··· Materials provided

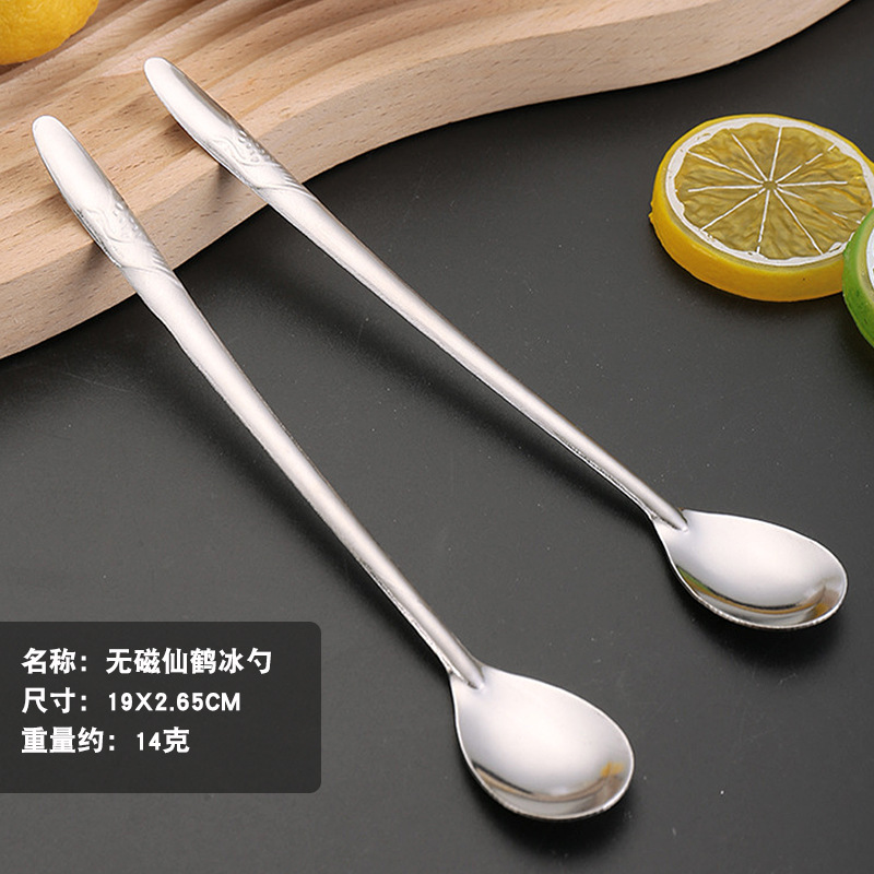 厂家直销批发网红无磁仙鹤冰匙咖啡匙奶茶匙19*2.65cm
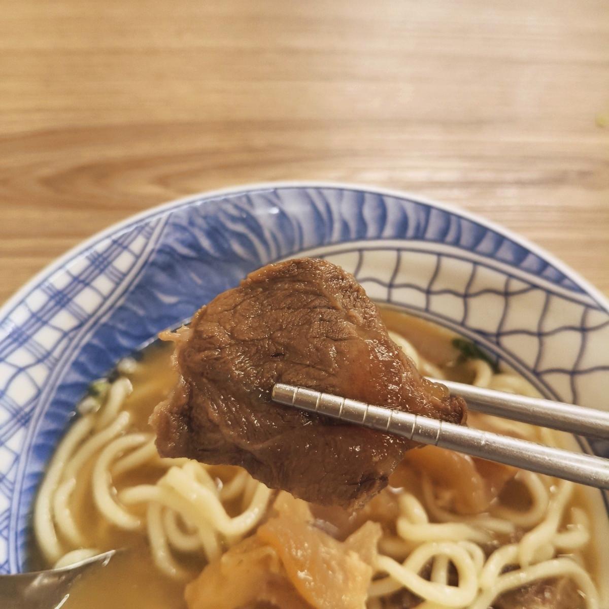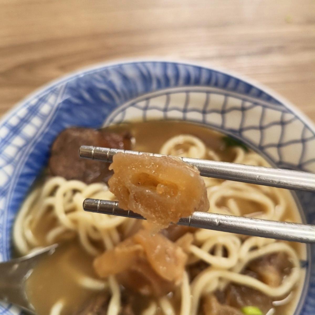 Although the price is not cheap, you can tell at first sip that the broth is special and very rich, feeling like it has been carefully simmered. The beef comes in two pieces, tender and not dry, about the size of two 50 NT dollar coins, and there are about 5 pieces of very chewy and collagen-rich beef tendon. The noodles are thick, hand-pulled, with good texture, and I've heard other customers say you can choose. The topping includes chopped green onions.
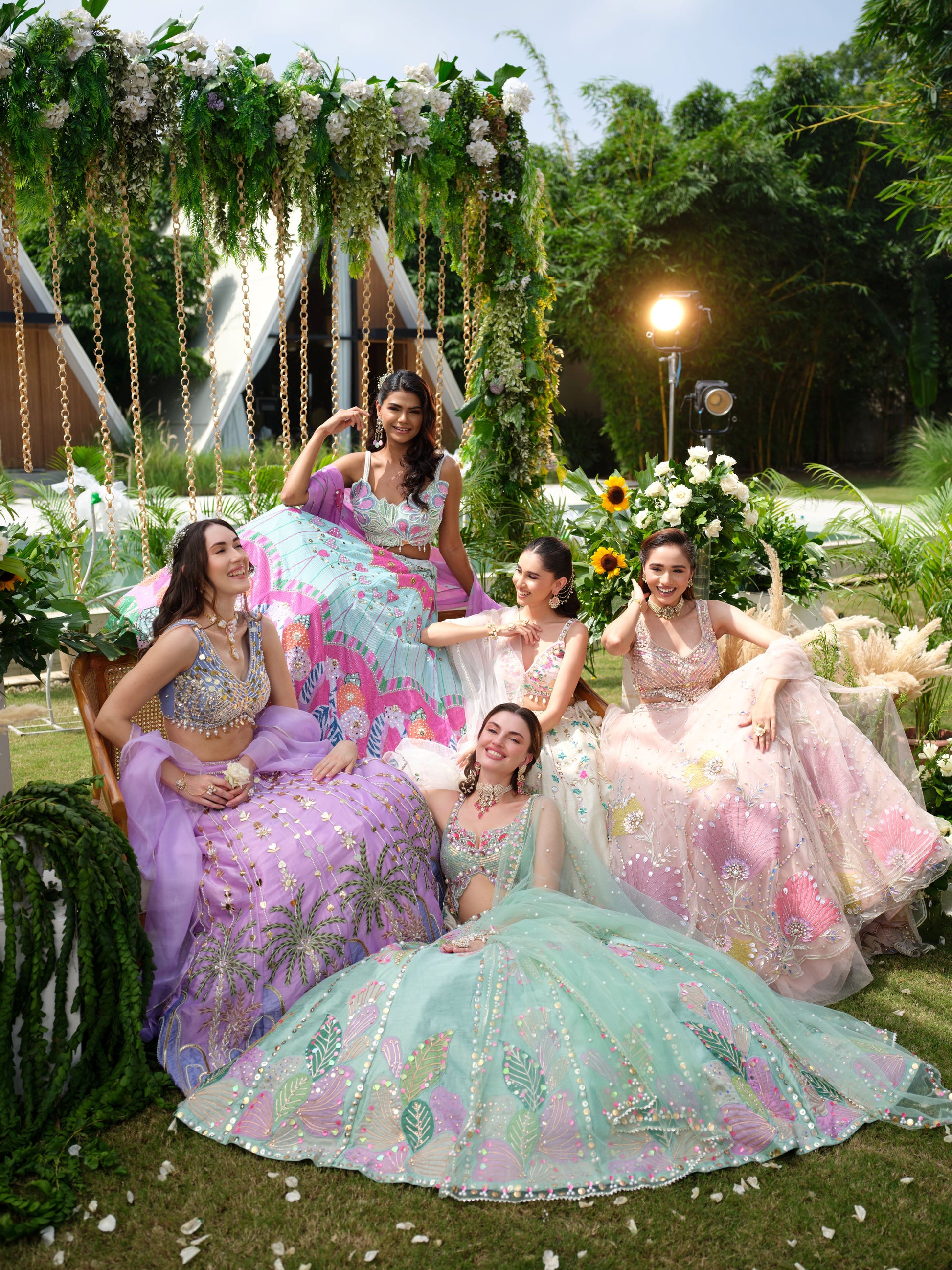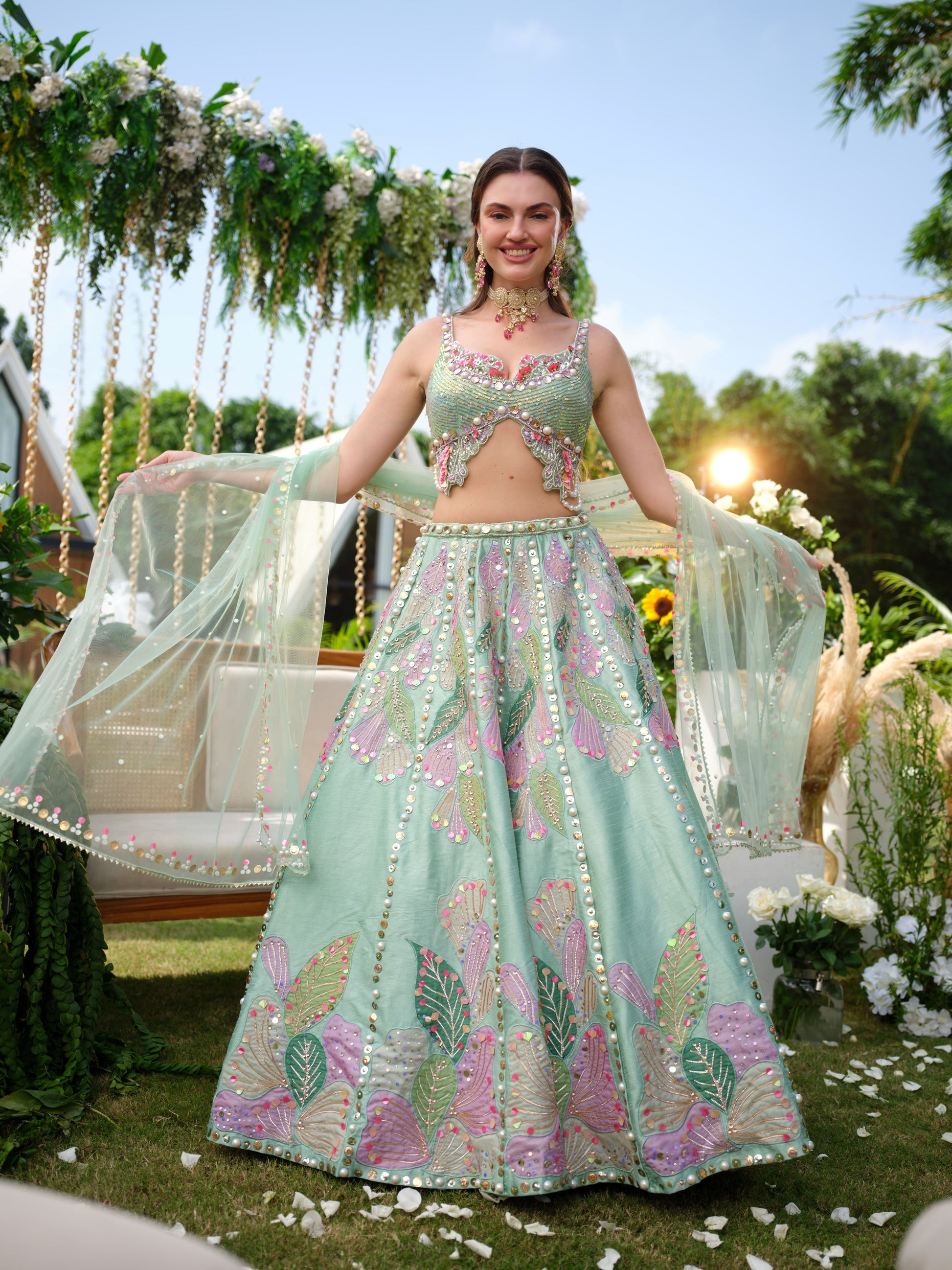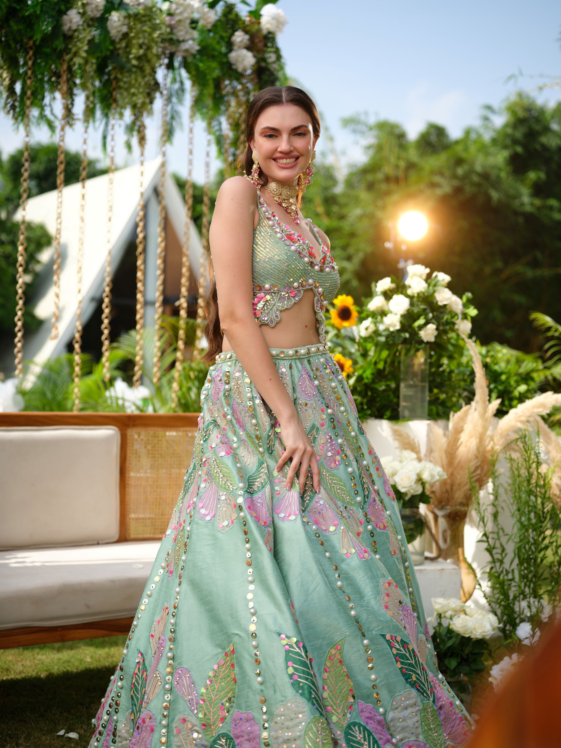 A refreshing aqua green lehenga adorned with pastel pink and lilac floral embroidery, enhanced with mirror work and delicate bead embellishments. The blouse features a modern cut with a scalloped hem and thin straps, giving it a chic, youthful appeal. The voluminous skirt flows gracefully with scattered floral motifs, making it playful yet elegant. Paired with minimal jewellery, this look is fresh, radiant, and contemporary.
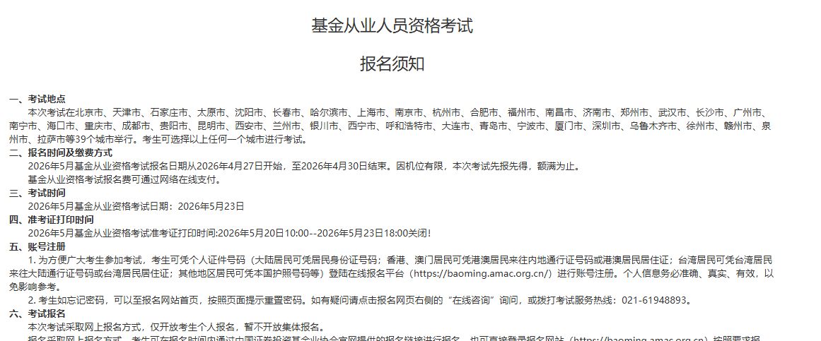同学们,2026年5月基金从业资格考试报名入口今日开通啦!本次报名时间为4月27日-4月30日,在校大学生、非从业人员符合报名条件的均可报名。考生可登录中国证券投资基金业协会官网右侧 “个人业务”--“从业考试”处进入报名入口。
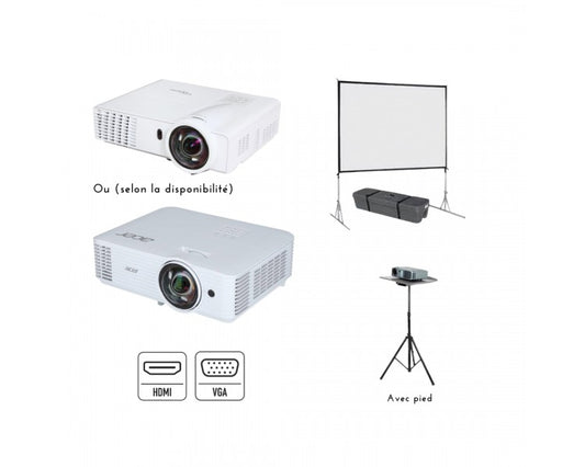Location pack vidéo – 3000 lumens avec écran 2 x 2 m
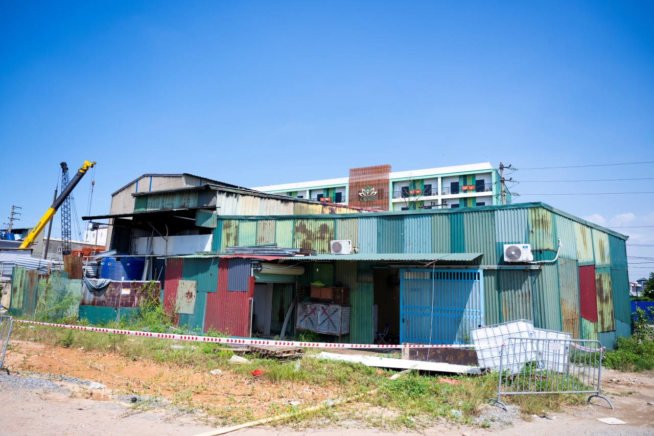 Theo ghi nhận tại hiện trường, căn nhà phía trước được xây bằng gạch; phần sau và một dãy phòng trọ liền kề được dựng tạm bằng tôn. Vị trí ngôi nhà nằm đối diện Trường Cao đẳng Kỹ thuật – Công nghệ Bách khoa. Lực lượng chức năng cho biết toàn bộ khu vực nhà xưởng, đồ đạc phía trong bị cháy và các tấm tôn bao quanh đã bị lửa biến dạng. Tầng một của công trình được sử dụng làm nơi chứa đồ nghề cơ khí và để xe máy; trên gác xép là nơi ngủ của bốn nạn nhân.

······

Assignment: The answer must be the lines of the entries above, written out exactly from the first through the one with "Although the price", and no pictures.

Answer to this problem:
 厂家直销批发网红无磁仙鹤冰匙咖啡匙奶茶匙19*2.65cm
 Although the price is not cheap, you can tell at first sip that the broth is special and very rich, feeling like it has been carefully simmered. The beef comes in two pieces, tender and not dry, about the size of two 50 NT dollar coins, and there are about 5 pieces of very chewy and collagen-rich beef tendon. The noodles are thick, hand-pulled, with good texture, and I've heard other customers say you can choose. The topping includes chopped green onions.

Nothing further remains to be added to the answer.